BIG IDEA | ‘The old Hong Kong is gone. Judge Mr Xi’s China by what it builds in its place.’
The tyrannical moves by a nation's most implacable foe are seldom credited with any good intentions.
- Yet for a foe to reach the level of implacability it has to have some vision that includes public goods that is coupled with its efforts to extend its dominance.
- Without that that foe would be rightly labeled a 'tinpot dictator' and sooner rather than later consigned to a footnote.
And so it might be with Beijing and Hong Kong.
- Beneath the wholesale repression may also be a desire to make Hong Kong 'better' according to Xi Jinping's own vision.
The problem for those us who abhor Xi's vision is crediting him with anything other than a desire to control the city.

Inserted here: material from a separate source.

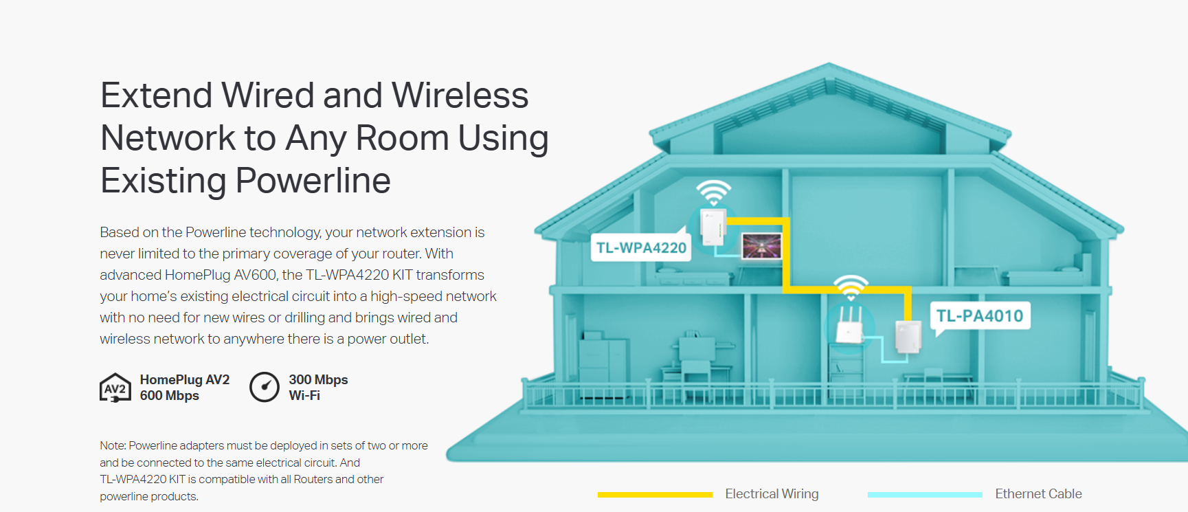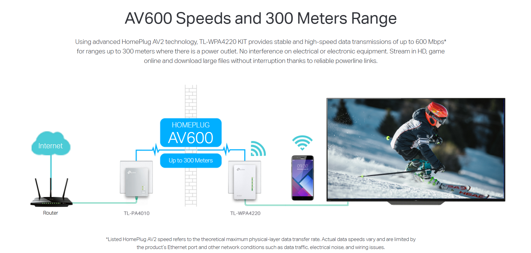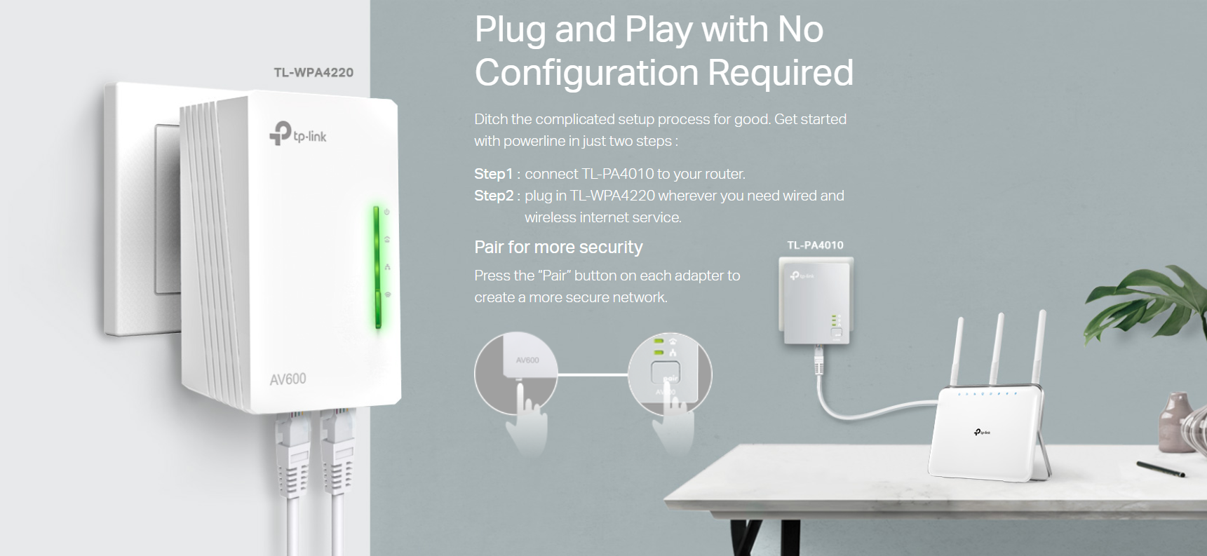 TP-Link Powerline WIFI Kit AV600  (WPA4220-KIT)

- That's what makes parts of ‘China is not just shackling Hong Kong, it is remaking it’ in The Economist so interesting.
Those parts convey the notion that beyond the obvious goal of bringing Hong Kong to heel, Mr. Xi wants to solve problems for benefit of the city.
- Beijing’s electoral reforms aim to break the tycoons' influence in the legislature and in turn reduce income inequality and poor housing,
- They also aim is to improve the quality of officials administering Hong Kong’s economy.
According to the article: ‘Talk to Chinese officials and state-backed scholars, as well as to pro-government politicians in Hong Kong, and they will insist that neutralising the opposition is a necessary step towards a greater goal:’
- ‘Repairing flaws that render Hong Kong’s political and economic systems structurally unsound through a wholesale remodelling of its institutions and society.’
Beijing, it says, has ‘real concern about Hong Kong’s income inequality, which is among the most extreme in the developed world, and the cruelly high costs of housing in the territory.’
- ‘Officials in Beijing deny all blame for an unhappy Hong Kong and are impatient with Westerners who cast Hong Kong’s discontent as a clash between a freedom-loving public and despotic rulers: Marx has taught them that all politics is rooted in economic forces.’
- ‘Their favoured scapegoats are foreign saboteurs and a small number of Hong Kong-Chinese oligarchs who have dominated the city’s property and retail sectors for generations.’
‘Western critics focus on the blow that the new election law lands on pro-democracy parties.’
- ‘Chinese observers are equally interested in its changes to the Election Committee, which will give Beijing-appointed members the power to dilute the influence of the property tycoons.’
‘Beyond that assault on Hong Kong’s old-school business bosses, a wider campaign is brewing to craft a new “capitalism with Hong Kong characteristics”.’
- ‘The ultimate target is the city’s whole laissez-faire, low-tax economic model, which some officials in Beijing grumble has been elevated to an almost religious creed by local oligarchs, foreign business leaders and civil servants.’
- So much for ‘guaranteeing that Hong Kong’s capitalist way of life would continue for at least 50 years after the Union Flag was lowered.’
Also, ‘National leaders do not hide their exasperation with the low calibre of many who enter Hong Kong politics today.’
- ‘Maria Tam Wai-Chu, a senior member of the National People’s Congress from Hong Kong, points to the global technology giants which have transformed Shenzhen, the gleaming megapolis that lies just across the border from Hong Kong, and laments that: “We are so backwards here in Hong Kong.” '
- 'She would like to see technology experts or business executives appointed or elected to Legco, to help the city confront the 21st century.’
‘The old Hong Kong is gone.’
- ‘Judge Mr Xi’s China by what it builds in its place.’
Much the same could have been said for the Nazi reforms in Germany in the 1930s.
- For my part, it seems that Autobahns and Volkswagens were a bad trade for Germans’ freedom.
- And it seems that most Hong Kongers feel the same about Mr. Xi’s plans to remake their city, good intentions or not.